Is there a kind of "complete your collection" deal? I have Ark 1 to 3 and think about adding 4 and 5.

Would it be better to buy in a special order (first 4, then 5) to get better conditions?


----------



## Manuel Stumpf (Jan 1, 2022)

Saxer said:


> Is there a kind of "complete your collection" deal? I have Ark 1 to 3 and think about adding 4 and 5.
> 
> Would it be better to buy in a special order (first 4, then 5) to get better conditions?


When you have Ark 1 to 3 registered over at OT, and you are logged in your Ark bundle price is discounted.


----------



## Saxer (Jan 1, 2022)

Manuel Stumpf said:


> When you have Ark 1 to 3 registered over at OT, and you are logged in your Ark bundle price is discounted.


Thanks!


----------



## micrologus (Jan 1, 2022)

You need to update to Sine, then the price will be updated.


----------



## Giscard Rasquin (Jan 1, 2022)

Does anybody know if you can purge all articulations within one SINE instance at once or do you need to go one by one? Looks like the latter...


----------



## jbuhler (Jan 1, 2022)

Giscard Rasquin said:


> Does anybody know if you can purge all articulations within one SINE instance at once or do you need to go one by one?
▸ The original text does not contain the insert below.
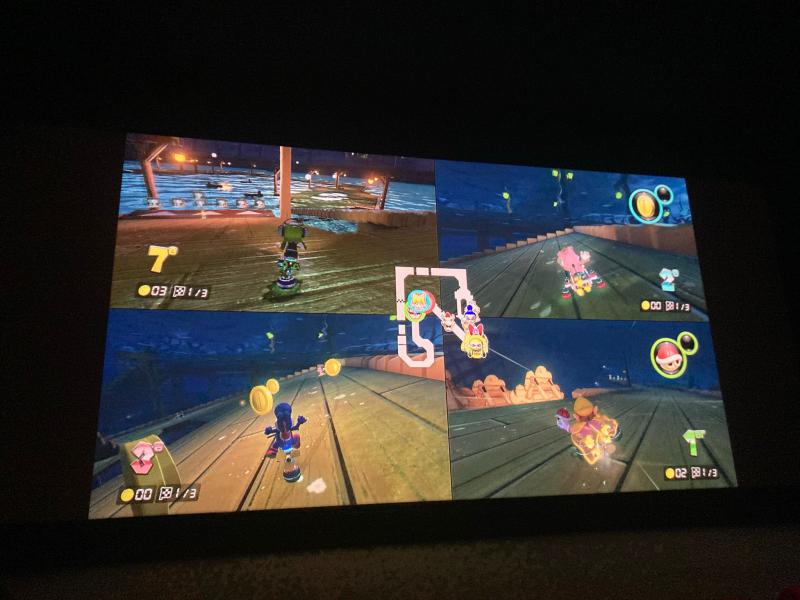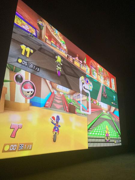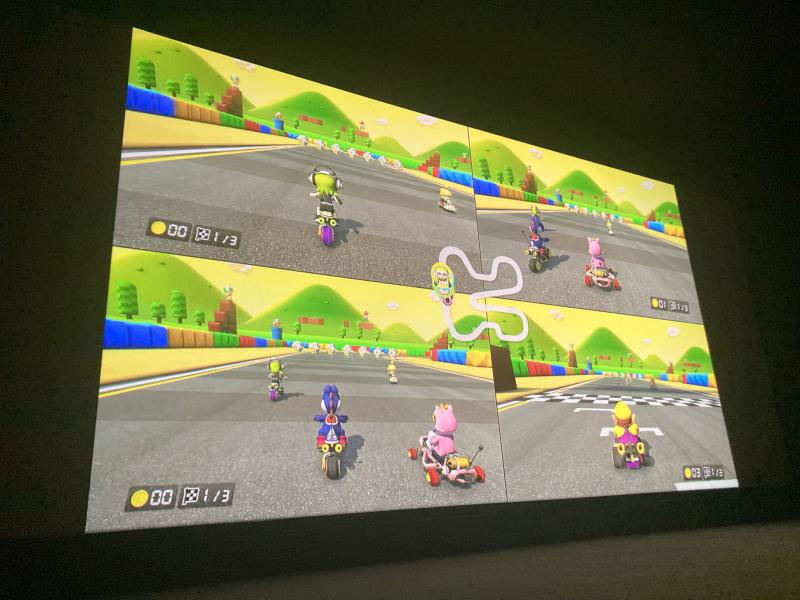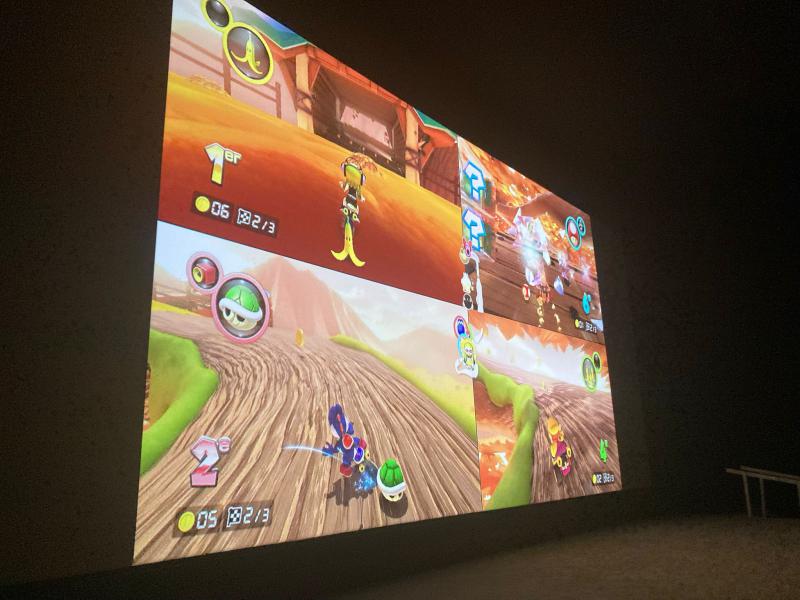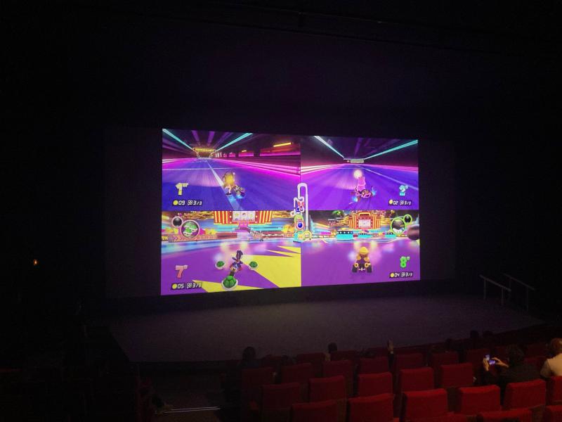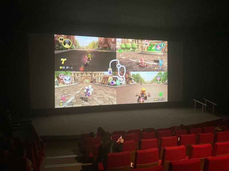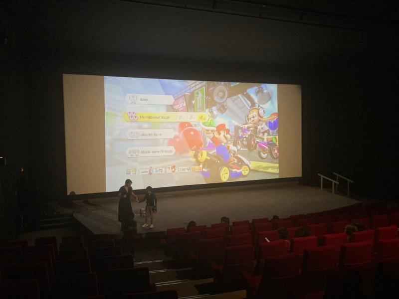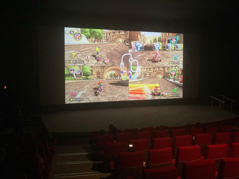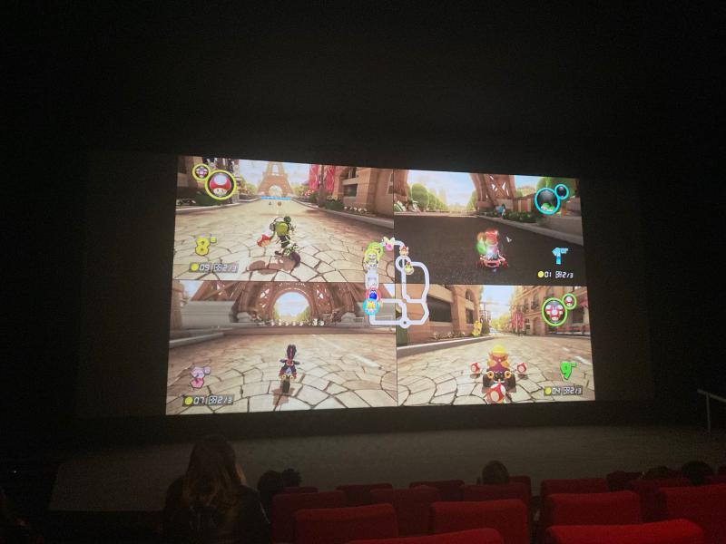 Immédiatement après le film des joueurs et joueuses de tous les âges ont eu la chance de s’affronter à Mario Kart 8 sur l’écran géant de la grande salle.

Looks like the latter...


Purging in Sine is mostly pointless. The second you activate anything in the instance, all the samples in the instance loads


----------



## Giscard Rasquin (Jan 1, 2022)

jbuhler said:


> Purging in Sine is mostly pointless. The second you activate anything in the instance, all the samples in the instance loads


If you have each articulation on a different midi channel within SINE, only the articulation loads that´s being triggered on the midi channel you´re playing on. 
It´s true that the complete articulation loads, but all the other articulations on other MIDI channels stay purged.
The thing is that it looks like you have to purge each articulation separately whereas in Kontakt you can purge all articulations loaded within one instance at once.


----------



## Marsen (Jan 1, 2022)

jonathanwright said:


> The Woodwind Orchestra patch has brass layered in too, should that be the case


I compared Sine with Kontakt versions: They both sound the same, yes.


----------



## Marsen (Jan 1, 2022)

I looked a bit more into the Sine ports, and was trying to find out, if they sound different or behave different. 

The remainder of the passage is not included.